Study 2: Outcomes of DIF Assessment Using H-OR and H-DFTD

Through the results of Simulation Study 1, the H-IT method outperformed the H-OR method in selecting DIF-free items as the reference. Therefore, the H-IT method was adopted in Simulation Study 2 to select reference items for the H-DFTD method. Results of Simulation Study 2 were divided into two parts and listed in Tables 2 and 3 for impact equal 0 and 0.5, respectively. Within these two tables, inflated mean Type I error rates and their corresponding power rates are given in italics. A conservative criterion of Type I error rate of 0.10 was used in this study, that is, Type I error rates higher than 0.10 would be taken as inflated.

Table 2.

Type I Error Rates and Powers of DIF Assessment Using H-OR and H-DFTD for Conditions With the Impact = 0.

			Type I error rate				Power
			Reference = 1		Reference = 4		Reference = 1		Reference = 4
Sample size	DIF pattern	DIF %	H-OR	H-DFTD	H-OR	H-DFTD	H-OR	H-DFTD	H-OR	H-DFTD
R500/F250	Constant	0	0.04	0.01	0.04	0.02
		20	0.05	0.01	0.05	0.03	0.94	0.84	0.94	0.94
		40	0.05	0.04	0.05	0.11	0.94	0.61	0.94	0.82
	Balanced	0	0.04	0.01	0.04	0.02
		20	0.04	0.01	0.04	0.03	0.93	0.89	0.93	0.95
		40	0.05	0.01	0.05	0.03	0.88	0.83	0.88	0.90
R250/F250	Constant	0	0.05	0.01	0.05	0.03
		20	0.04	0.01	0.04	0.03	0.86	0.72	0.86	0.85
		40	0.04	0.04	0.04	0.11	0.86	0.46	0.86	0.64
	Balanced	0	0.05	0.01	0.05	0.03
		20	0.05	0.01	0.05	0.03	0.88	0.81	0.88	0.90
		40	0.05	0.01	0.05	0.02	0.80	0.73	0.80	0.82
R250/F150	Constant	0	0.04	0.01	0.04	0.02
		20	0.03	0.01	0.03	0.03	0.77	0.57	0.77	0.76
		40	0.05	0.03	0.05	0.11	0.73	0.31	0.73	0.49
	Balanced	0	0.04	0.01	0.04	0.02
		20	0.05	0.01	0.05	0.03	0.75	0.66	0.75	0.80
		40	0.04	0.00^a	0.04	0.03	0.72	0.61	0.72	0.74

Note: DIF = differential item functioning; H-OR = original hierarchical generalized linear model (HGLM) method; H-DFTD = HGLM method with DIF-free-then-DIF (DFTD) strategy; R250/F250 = the sample sizes for the reference and focal groups are both 250, and so on for other conditions; constant = all DIF items favored to the reference group; balanced = one half of DIF items favored to one group and the other half favored to another group; reference = n means n reference items were used in the DFTD strategy. Mean Type I error rates higher than 0.10 and their corresponding mean power rates are given in italics.

The Type I error rate here is actually 0.003.

Table 3.

Type I Error Rates and Powers of DIF Assessment Using H-OR and H-DFTD for Conditions With the Impact = 0.5.

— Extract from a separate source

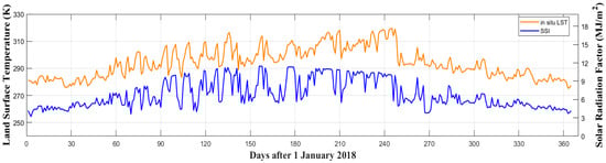 The in situ LST and estimated solar radiation factor over the CS site and their change with the day of the year.
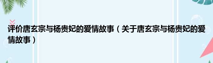 评价唐玄宗与杨贵妃的爱情故事(关于唐玄宗与杨贵妃的爱情故事)

			Type I error rate				Power
			Reference = 1		Reference = 4		Reference = 1		Reference = 4
Sample size	DIF pattern	DIF %	H-OR	H-DFTD	H-OR	H-DFTD	H-OR	H-DFTD	H-OR	H-DFTD
R500/F250	Constant	0	0.87	0.01	0.87	0.02
		20	0.87	0.01	0.87	0.04	1.00	0.86	1.00	0.94
		40	0.87	0.05	0.87	0.11	1.00	0.62	1.00	0.79
	Balanced	0	0.87	0.01	0.87	0.02
		20	0.86	0.01	0.86	0.03	0.60	0.92	0.60	0.98
		40	0.68	0.01	0.80	0.03	0.60	0.86	0.55	0.93
R250/F250	Constant	0	0.78	0.01	0.78	0.03
		20	0.77	0.01	0.77	0.04	1.00	0.71	1.00	0.85
		40	0.75	0.04	0.75	0.11	1.00	0.48	1.00	0.69
	Balanced	0	0.78	0.01	0.78	0.03
		20	0.75	0.01	0.75	0.03	0.59	0.85	0.59	0.94
		40	0.79	0.01	0.79	0.02	0.57	0.76	0.57	0.85
R250/F150	Constant	0	0.63	0.01	0.63	0.03
		20	0.67	0.01	0.67	0.04	1.00	0.54	1.00	0.74
		40	0.62	0.03	0.62	0.10	1.00	0.32	1.00	0.50
	Balanced	0	0.63	0.01	0.63	0.03
		20	0.65	0.01	0.65	0.03	0.56	0.71	0.56	0.87
		40	0.67	0.01	0.67	0.02	0.56	0.67	0.56	0.79

Note: DIF = differential item functioning; H-OR = original hierarchical generalized linear model (HGLM) method; H-DFTD = HGLM method with DIF-free-then-DIF (DFTD) strategy; R250/F250 =; the sample sizes for the reference and focal groups are both 250, and so on for other conditions; constant = all DIF items favored to the reference group; balanced = one half of DIF items favored to one group and the other half favored to another group; reference = n means n reference items were used in the DFTD strategy. Mean Type I error rates higher than 0.10 and their corresponding mean power rates are given in italics.

Impact = 0

The mean Type I error rates and power rates of DIF assessment across replications under the no-impact conditions are listed in Table 2. The Type I error rates for H-OR were well controlled under all conditions (ranging from .03 to .06). For H-DFTD, the Type I error rates were conservative yet acceptable under most conditions (ranging from .003 to .03), but slightly inflated (.11) when using four-reference items on the test contained 40% DIF items and all favored the same group, across various sample sizes for both groups. Referring to Table 1, the accuracy under these conditions was slightly lower than 1.00 (ranging from 0.91 to 0.98), which caused incorrectly selected DIF items as the anchor, and therefore inflated the Type I error rates of the following DIF assessment procedure.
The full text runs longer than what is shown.